Your goal: Return all the data verbatim but without images.

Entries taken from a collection
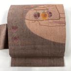 美品 名古屋帯 秀品 紬地 干し柿 籠 相良刺繍 汕頭刺繍 焦茶色 正絹 中古
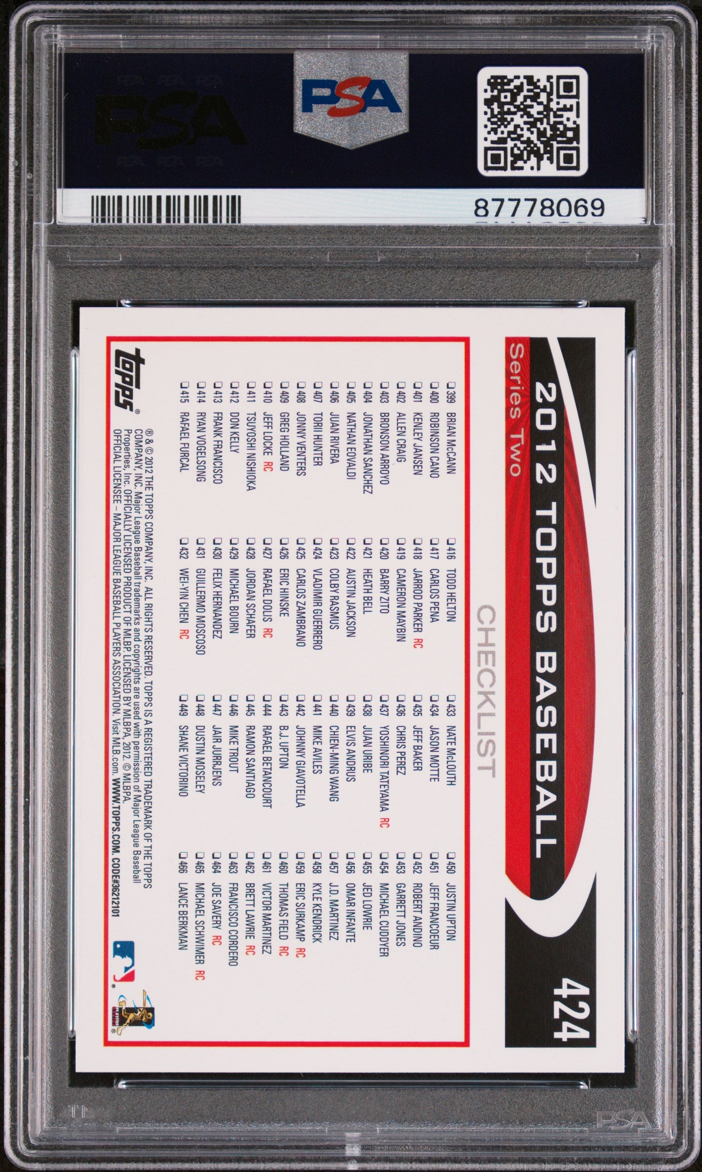Hello, thanks for your interest in this fixed price listing. You are purchasing a 2012 Topps Baseball Vladimir Guerrero #424 PSA 10 87778069. This fixed price listing is for the exact card listed in the title, and shown in the pictures. We guarantee that you will be satisfied with your purchase, or you are welcome to return the card (at my cost) with our 30 day return policy. This listing is brought to you by Sports Cards Grading. Sports Cards Grading is a Top Rated Plus eBay seller. Top Rated Plus eBay sellers are required to provide 30 day free returns, shipping within 1 day, and shipping with tracking. Shipping with tracking in a bubble mailer is our standard method of shipment. Please contact me through eBay if you have any questions on this listing. Thanks for your consideration. Listed With Mascot.
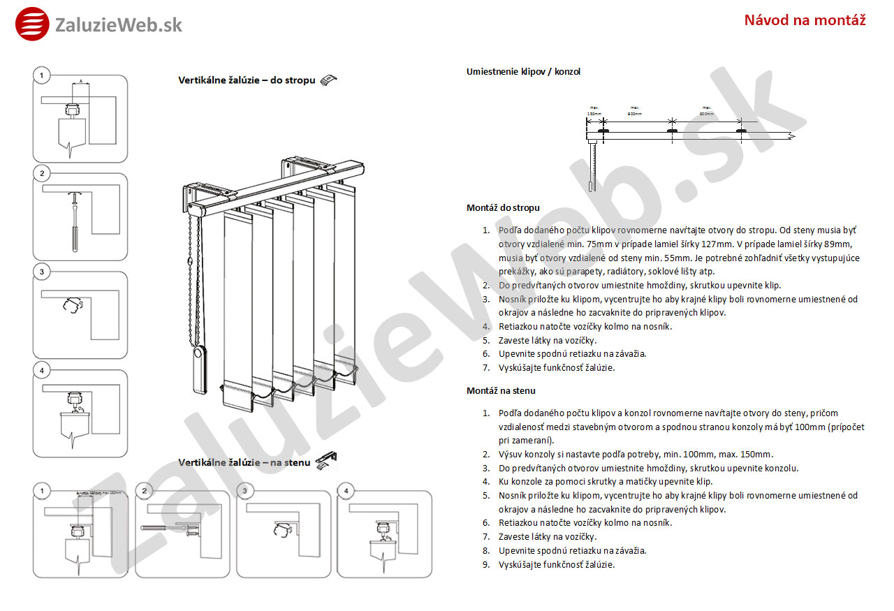 Nosník pre vertikálne žalúzie. Vyrábaný na mieru.
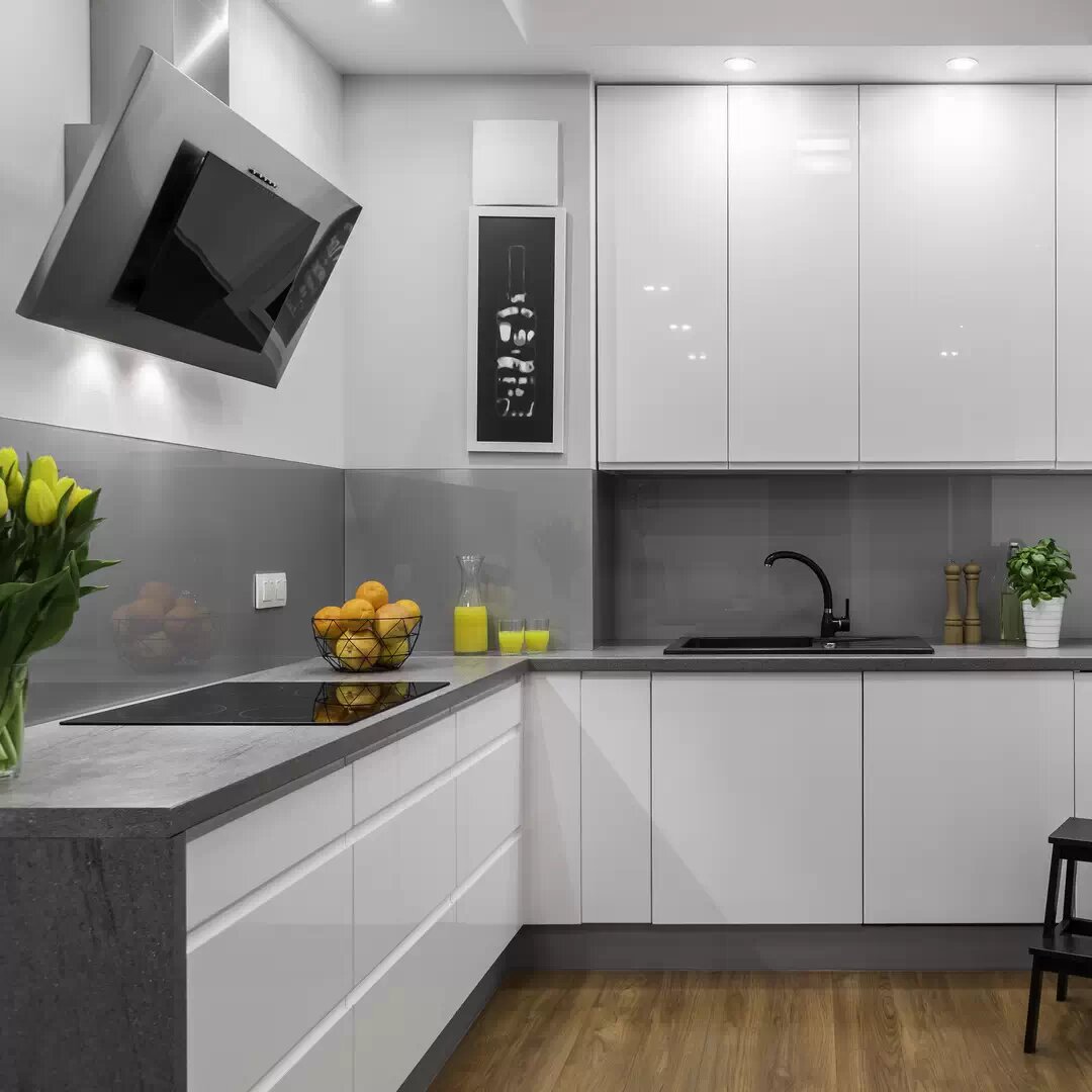 Фасады без ручек. Столешница и фартук в едином стиле. Удобное рабочее пространство.
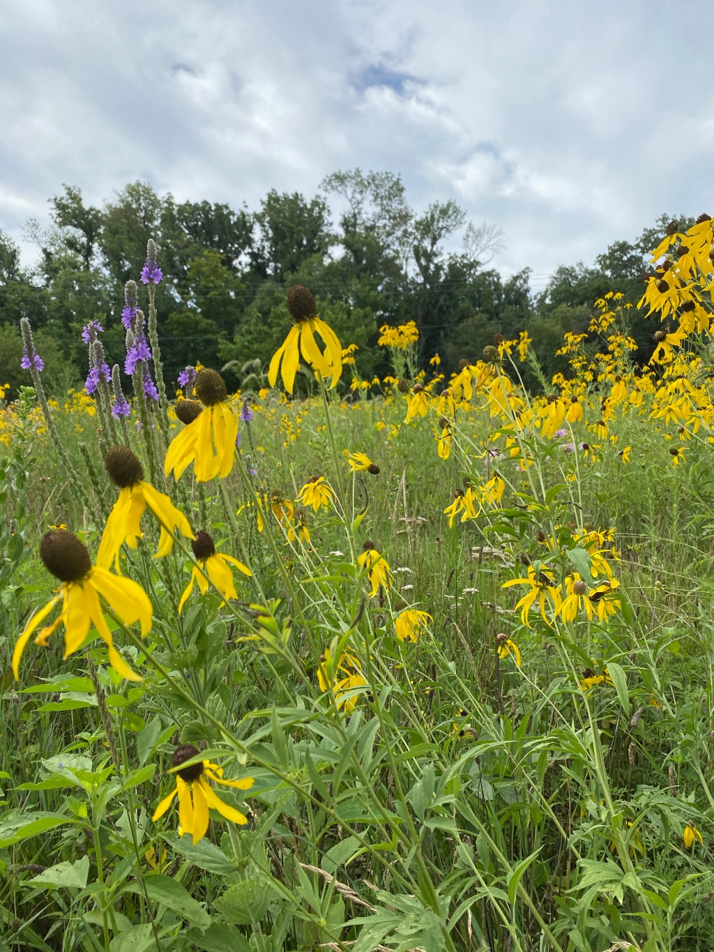 2. To enjoy a prairie restoration area with its sunburst of yellow flowers.

Output below:
 美品 名古屋帯 秀品 紬地 干し柿 籠 相良刺繍 汕頭刺繍 焦茶色 正絹 中古
Hello, thanks for your interest in this fixed price listing. You are purchasing a 2012 Topps Baseball Vladimir Guerrero #424 PSA 10 87778069. This fixed price listing is for the exact card listed in the title, and shown in the pictures. We guarantee that you will be satisfied with your purchase, or you are welcome to return the card (at my cost) with our 30 day return policy. This listing is brought to you by Sports Cards Grading. Sports Cards Grading is a Top Rated Plus eBay seller. Top Rated Plus eBay sellers are required to provide 30 day free returns, shipping within 1 day, and shipping with tracking. Shipping with tracking in a bubble mailer is our standard method of shipment. Please contact me through eBay if you have any questions on this listing. Thanks for your consideration. Listed With Mascot.
 Nosník pre vertikálne žalúzie. Vyrábaný na mieru.
 Фасады без ручек. Столешница и фартук в едином стиле. Удобное рабочее пространство.
 2. To enjoy a prairie restoration area with its sunburst of yellow flowers.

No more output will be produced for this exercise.